All of his leaves out the inconvenient reality that, as the Shapps letter explains, the government has set the terms on which the bailout has been provided. It has also imposed what it calls a “London Covid Transport Task Force” on TfL, saying, to quote the Shapps letter again, that “during the [financial] support period” it “agrees to joint action and oversight” by this mystery body (whose terms and references have only just been published, even though Shapps’s letter described them as being “attached”).

Please explain to me how this does not mean that Shapps or the enigmatic “Task Force” – who membership is still to be made public – was at liberty to reject whatever proposals to “widen the scope and levels” of London’s suite of road-pricing were brought forward and withhold the bailout. It is even being suggested that the Mayor and TfL slipped the hike to £15 a day past the DfT and its London colonising force, without so much as a touch of the forelock. How likely does that seem to you? Whatever, neither has voiced any outrage. Maybe Bailey, Prince and company should direct their ire at Shapps instead.

It’s not even as if Khan has form for putting the c-charge up: his 2016 election manifesto explicitly ruled it out, and only now, after more than four years in office and under government diktat, has it risen to a higher level then it was when he won office.

His Tory critics also seem to have forgotten that Boris Johnson, although he halved the size of the congestion charging zone by scrapping its Western Extension (WEZ), also increased the charge in each of his mayoral terms, in January 2011 and June 2014. Perhaps if he hadn’t axed the WEZ, he wouldn’t have needed to.

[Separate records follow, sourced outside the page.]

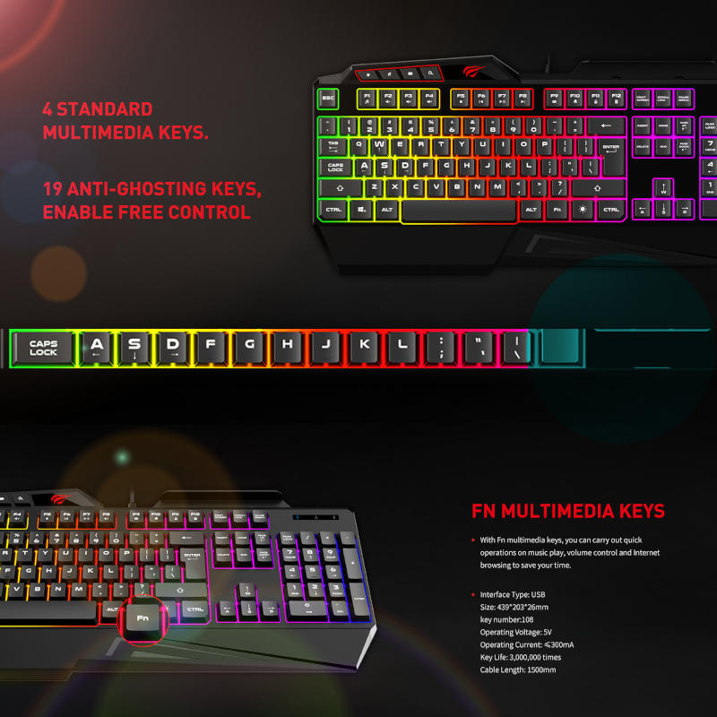 Le Clavier Gaming de HAVIT KB488L RGB spécifications:
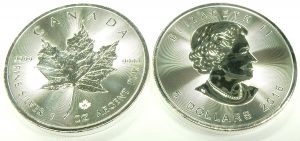 They are being sold for the silver spot price plus just $2.00 each and no HST. We have a bunch of other random year 1 ounce maple coins for sale this weekend but only until supplies last. No minimum order but we are limiting the maximum purchase to 25 coins per person. We are not selling 1000s so don’t wait. First come first sold. If you want them email us at info@BillLeBoeufJewellers.com, give us a call 705 728 3343, or come in ASAP. We will honor this price until 11:59pm July 1st. We’re closed Sunday June 30 and Monday July 1st. If you’d like to reserve your coin(s) leave us an email or voice mail if we’re closed but please remember we may not be able to fill all orders. Major bullion retailers sell these coins for at a minimum of spot plus 15 to 20% (in volume of at least 25 coins). These are likely the best value currently on the market. Stock #e12287. Credit card purchase please add 2%.
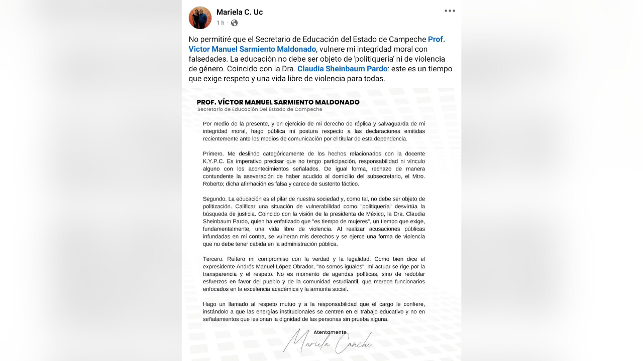 Y advirtió: “…Calificar una situación de vulnerabilidad como ‘politiquería’ desvirtúa la búsqueda de justicia… No permitiré que el secretario de Educación del Estado de Campeche, Prof. Víctor Manuel Sarmiento Maldonado, vulnere mi integridad moral con falsedades. La educación no debe ser objeto de ‘politiquería’ ni de violencia de género. Coincido con la Dra. Claudia Sheinbaum Pardo: este es un tiempo que exige respeto y una vida libre de violencia para todas”.
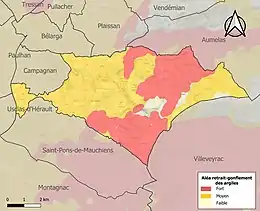 Le retrait-gonflement des sols argileux est susceptible d'engendrer des dommages importants aux bâtiments en cas d’alternance de périodes de sécheresse et de pluie. 95,9 % de la superficie communale est en aléa moyen ou fort (59,3 % au niveau départemental et 48,5 % au niveau national). Sur les 1 066 bâtiments dénombrés sur la commune en 2019, 1 066 sont en aléa moyen ou fort, soit 100 %, à comparer aux 85 % au niveau départemental et 54 % au niveau national. Une cartographie de l'exposition du territoire national au retrait gonflement des sols argileux est disponible sur le site du BRGM[24],[Carte 2].
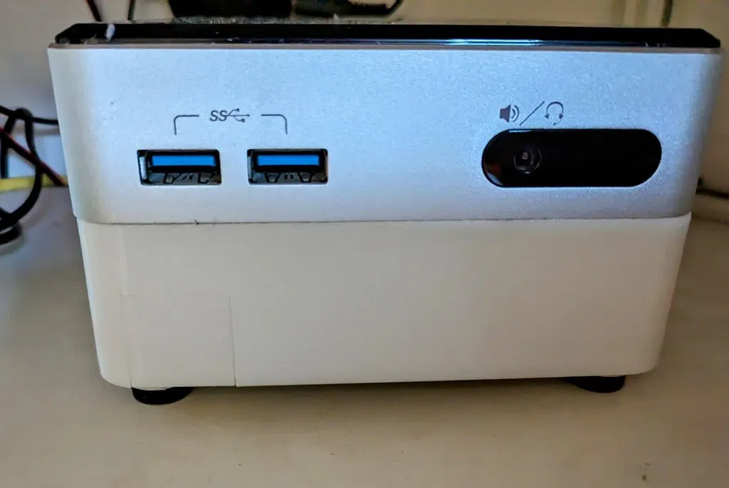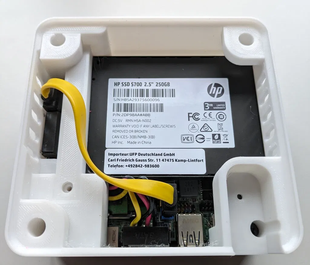 Cái vỏ (case) này giúp bạn lắp thêm ổ cứng SSD cho các dòng máy Intel NUC vốn không có đủ không gian chứa. Nó thay thế cho nắp đáy zin và dùng lại ốc vít cũ để cố định vào máy. Thiết kế này cho phép bạn chồng nhiều chiếc NUC lên nhau để tạo thành một 'tòa tháp' ổn định. Nếu xếp chồng, lỗ hổng ở mặt trước giúp bạn truy cập công tắc nguồn của NUC ở phía dưới. Bạn có thể dùng file "NUC_ON_OFF_HOLE_Filler.stl" để bịt lỗ này nếu không cần thiết, ví dụ như cho chiếc NUC ở đáy tháp. Để cố định SSD, hãy dùng "NUC_SSD_Fixation_Bar.stl". Nếu bạn không xếp chồng hoặc dành cho NUC ở dưới cùng, hãy in 4 cái "NUC_Leg.stl". Các chân đế này khớp vào 4 lỗ ở góc, cho phép bạn gắn lại miếng đệm cao su zin để NUC không bị trượt. Lưu ý: Hãy dùng cáp SATA và cáp nguồn đầu vuông cho SSD để vừa khít, do mình thiết kế theo kích thước chuẩn của NUC để đảm bảo tính thẩm mỹ. Mình in bằng nhựa PETG trắng, để support cho các góc nghiêng trên 85 độ. Riêng phần chân đế thì đừng để support để tránh làm hẹp khe gắn vòng cao su. Nếu thích mẫu này, hãy để lại đánh giá, hình ảnh sản phẩm và nếu muốn bạn có thể mời mình một ly bia qua Patreon nhé! ### Thông số in - Hãng máy: Creality - Máy: Ender 3 - Raft: Không - Support: Có - Độ phân giải: 0.2mm - Infill: 20% - Chất liệu: Jayo PETG trắng ### Sau khi in: Nếu làm đúng hướng dẫn về support, bạn chỉ cần gỡ một chút ở góc và lỗ vuông nơi gắn thanh cố định là xong.
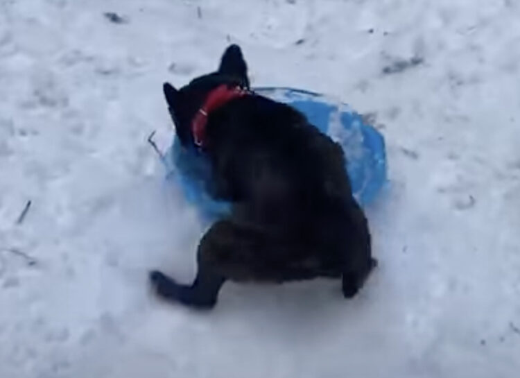 姿が見えなくなるまで滑っていっちゃう犬さん。
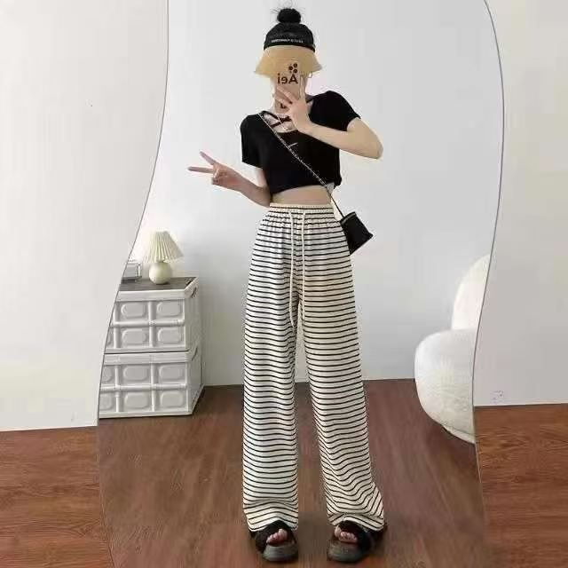 ☕️1200条全清9.5元,夏季休闲裤新款慵懒风宽松直筒高腰阔腿条纹裤子女拖...
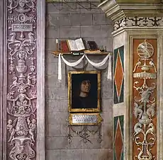 The right part of the fresco shows a window with a grid; on the left is a shelf with books and an amphora: under it is a self-portrait of Pinturicchio, featuring the dedicatory bejewelled inscription, "BERNARDINVS PICTORICIVS PERVSIN[VS]".
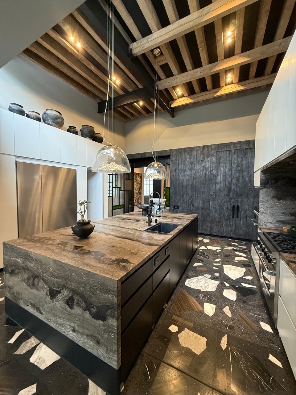 1er. Nivel: sala, comedor, cuarto de piano o estudio, baño de visitas, amplia cocina de lujo, cuarto de cafetería con despensa, terraza con comedor y espacio para asador, recámara principal con vestidor y baño completo y recámara con grande librero y baño completo.
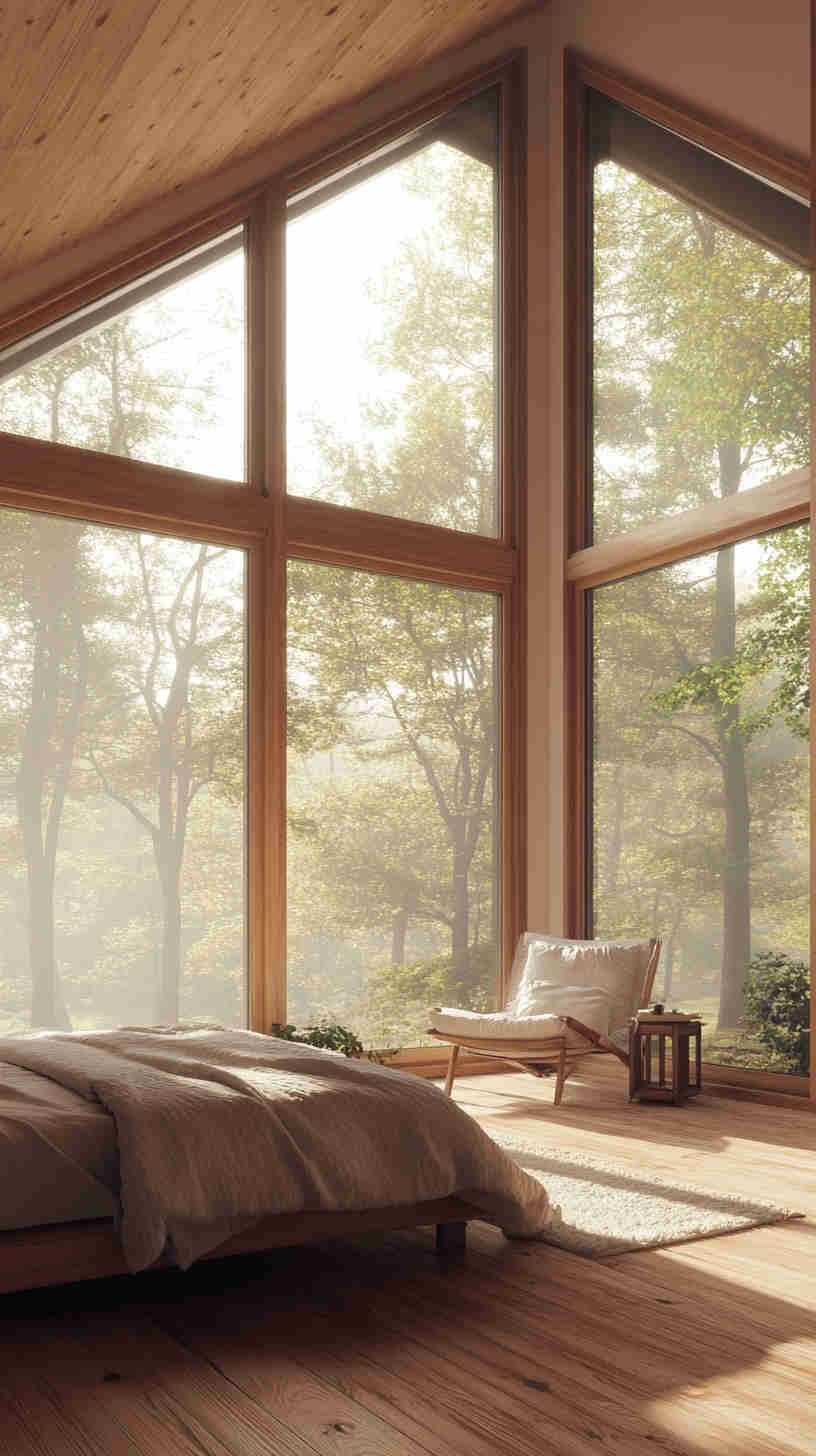 - Loft Bedroom Serenity: Open loft spaces with slanted ceilings, cozy bedding, and large windows revealing forest or mountain views, capturing intimate cabin charm.
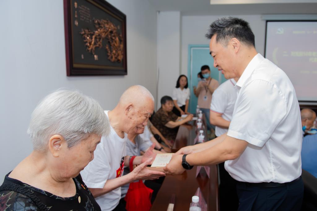 在慰问过程中,学校领导为2022年党龄达到50周年的老党员代表颁授了纪念章,集体过了政治生日,带领大家重温了入党誓词,并送上深情祝福和慰问金。同时,慰问组还与老党员、困难(重病)党员们话家常、聊近况,细心询问他们的健康状况、家庭生活等情况。
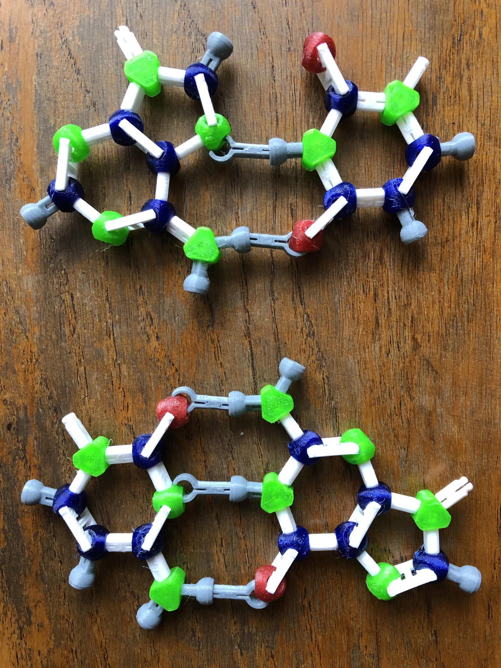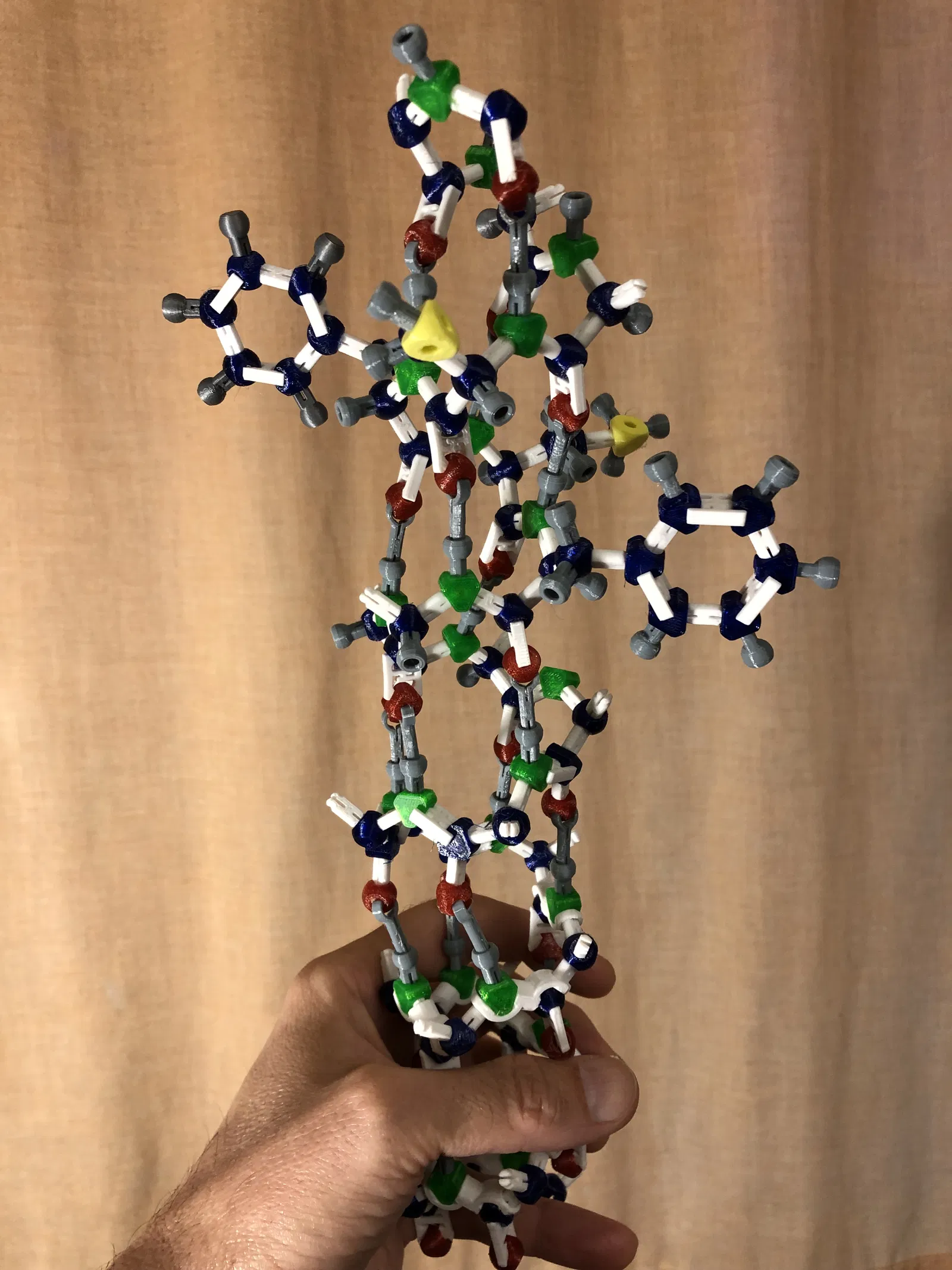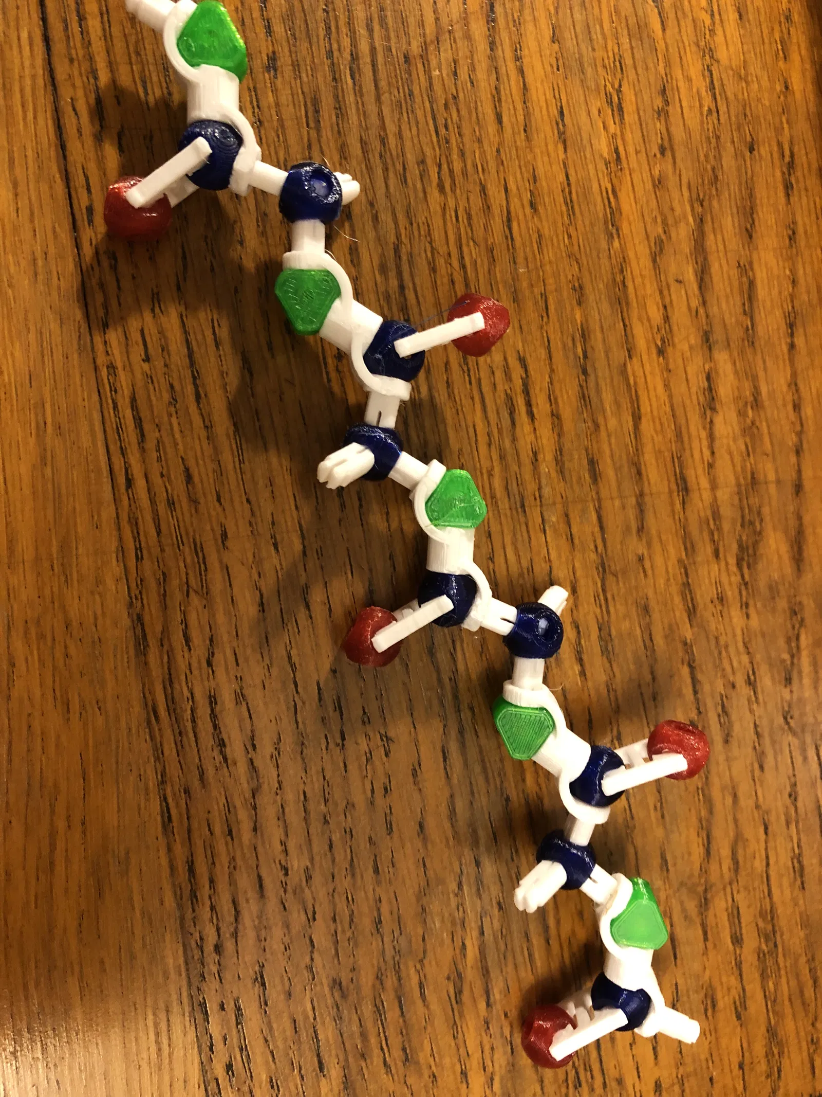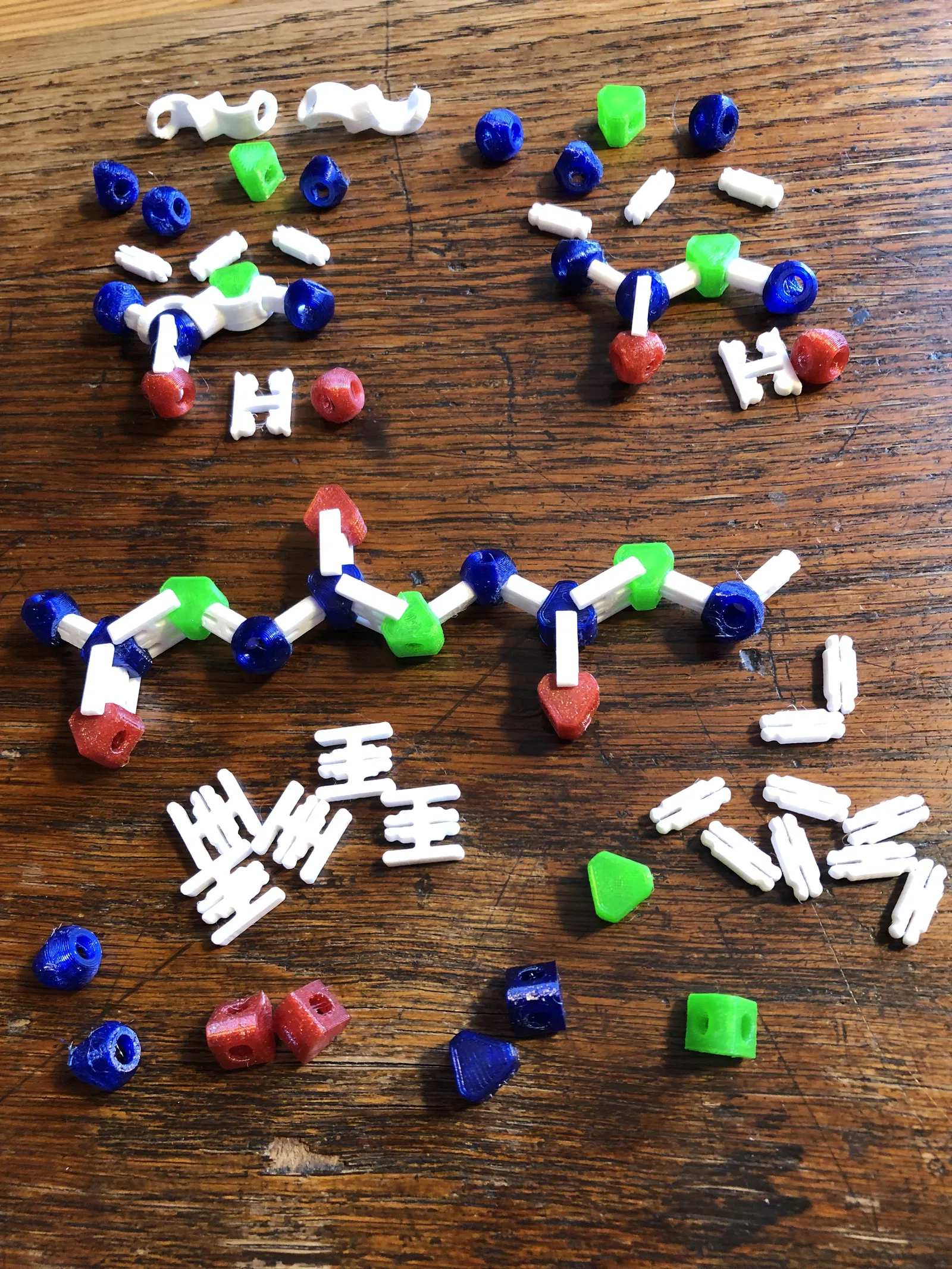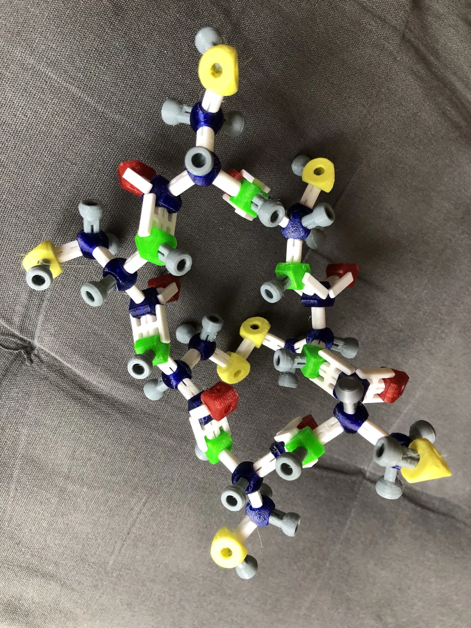 Ngoài ra, bạn có thể xây dựng chuỗi peptide bằng cách sử dụng bộ phận bond1double1.stl cho liên kết đơn không xoay đó, sử dụng hình dạng Nitrogen-tri.stl cho carbon và liên kết oxy với nó bằng bond-double-P.stl. Bạn cũng có thể xây dựng các lõi thơm đẹp hơn bằng cách sử dụng ba bộ phận bond1double1.stl, ba liên kết đơn và sáu nguyên tử carbon có hình dạng Nitrogen-tri.stl.
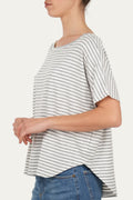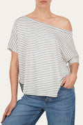 Maglia a maniche corte a righe Perla, può essere indossata regolarmente o con una spalla scesa che dona un look più sensuale e casual.
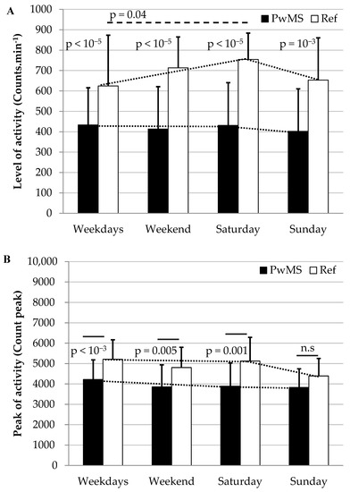 Considering the peak of activity (count max), significant differences with moderate to large effect sizes were found between groups for weekdays, the weekend and the Saturday (p = 0.005–0.001, d = 0.9–1.08) (Table 3 and Figure 1B). No significant difference was found for the Sunday. Values of peak of activity for the PwMS group corresponded to 76–87% of the values found for the Ref group.
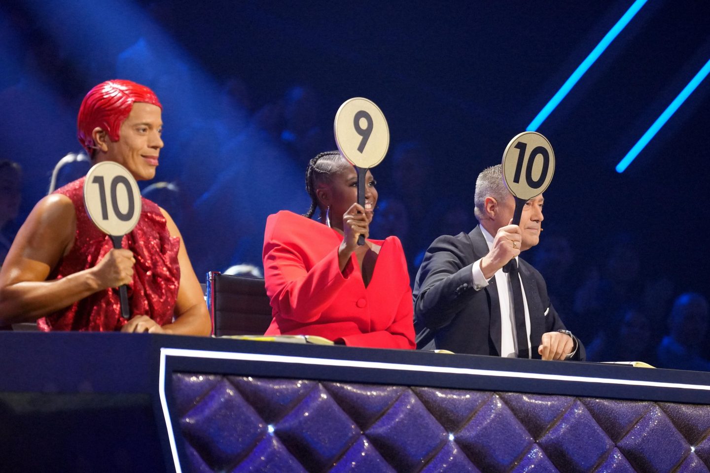 Die Jury mit Jorge González (l.), Motsi Mabuse und Joachim Llambi. +++ Die Verwendung des sendungsbezogenen Materials ist nur mit dem Hinweis und Verlinkung auf RTL+ gestattet. +++

All told, the Tories’s congestion charge attack is exceptionally feeble and crumbles upon contact with the mildest of challenges. As such, it serves as a symbol for Bailey’s mayoral campaign as a whole. I’ve often felt sympathy for him, fighting what has looked from the start like a losing battle, but it is hard to regard his approach to this issue as anything other than a ruse to deceive.

In fact, London has long needed a lot more road pricing, though a truly radical long-term solution to its congestion and air quality problems would include a far more sophisticated, fair and discriminating system than the current, very dated, one. If London’s Tories really want to get back in tune with majority opinion among Londoners and stop looking like a fringe gang of flailing dinosaurs, perhaps they should consider supporting one.

After all, congestion charging is not at all inconsistent with Conservative economic philosophy. As Ken Livingstone enjoyed remarking when he introduced it to London, Milton Friedman, guru of Thatcherism, was quite a fan.

This article was update at 16:20 on 22 June 2020 to acknowledge that the “task force” terms of reference have finally been published.